▸ **WORK ORDER**
Everything in the listing must be repeated exactly, apart from the images.

▸ **SUPPLIED INFORMATION**
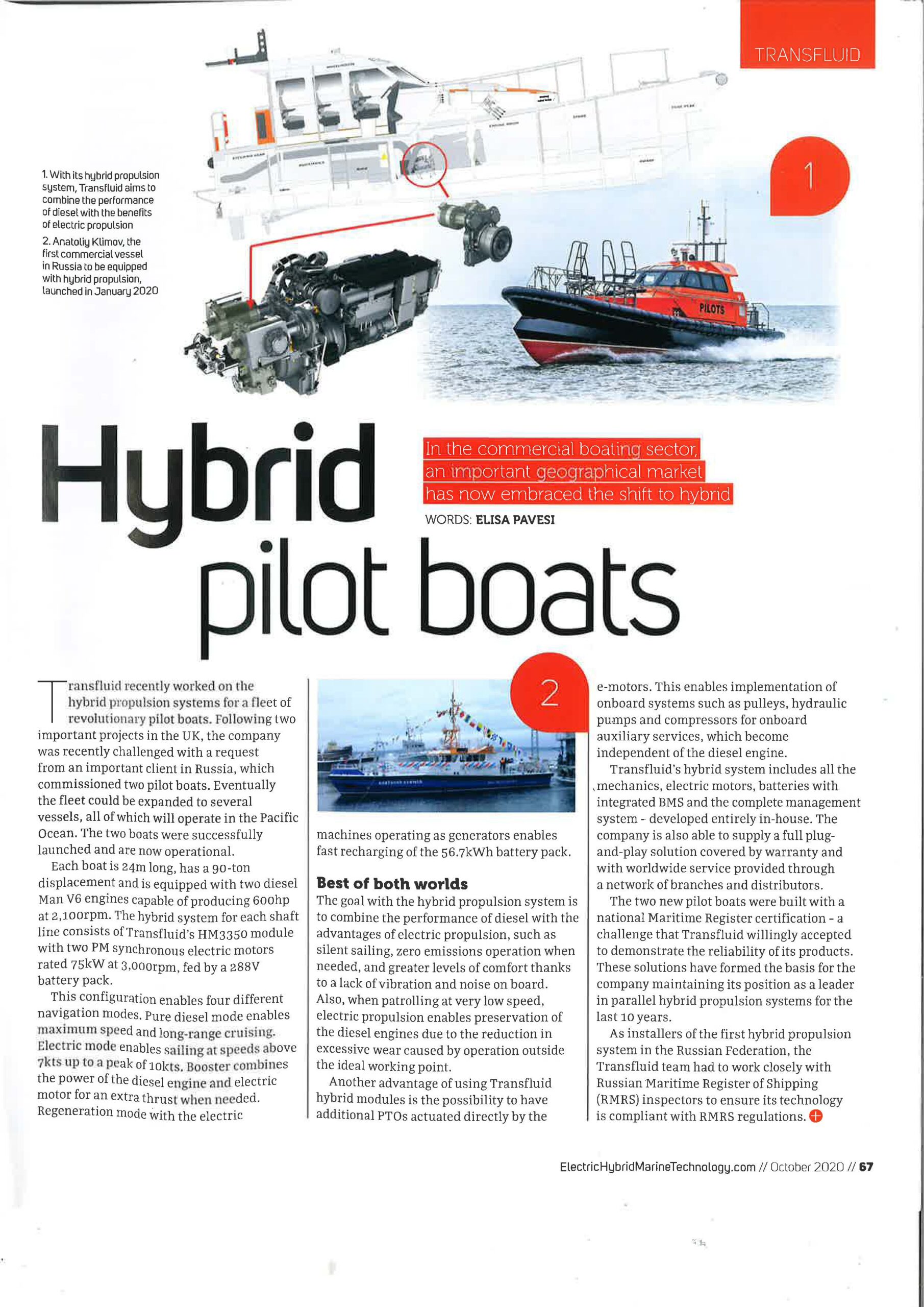 New pilot boats use revolutionary hybrid propulsion system Press January 22, 2021 00:00 Peakweb Hybrid boats: the performance of diesel with the efficiency of electric Electric & Hybrid Marine Technology October 2020
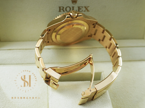 18K黃金材質錶殼、錶帶、摺疊扣、旋入式錶冠 / Cerachrom黑色陶瓷單向旋轉錶外框 / 夜光賓士指針、時標 / 藍寶石水晶玻璃 / 防偽內圈 |
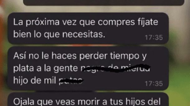 La captura muestra que el vendedor le escribió: “La próxima vez que compres fijate bien lo que necesitas” y luego agregó en forma violenta: “Así no le hacés perder tiempo y plata a la gente, negro de mier… hijo de mil put…”.

▸ **RESPONSE TO THIS EXERCISE**
 New pilot boats use revolutionary hybrid propulsion system Press January 22, 2021 00:00 Peakweb Hybrid boats: the performance of diesel with the efficiency of electric Electric & Hybrid Marine Technology October 2020
 18K黃金材質錶殼、錶帶、摺疊扣、旋入式錶冠 / Cerachrom黑色陶瓷單向旋轉錶外框 / 夜光賓士指針、時標 / 藍寶石水晶玻璃 / 防偽內圈 |
 La captura muestra que el vendedor le escribió: “La próxima vez que compres fijate bien lo que necesitas” y luego agregó en forma violenta: “Así no le hacés perder tiempo y plata a la gente, negro de mier… hijo de mil put…”.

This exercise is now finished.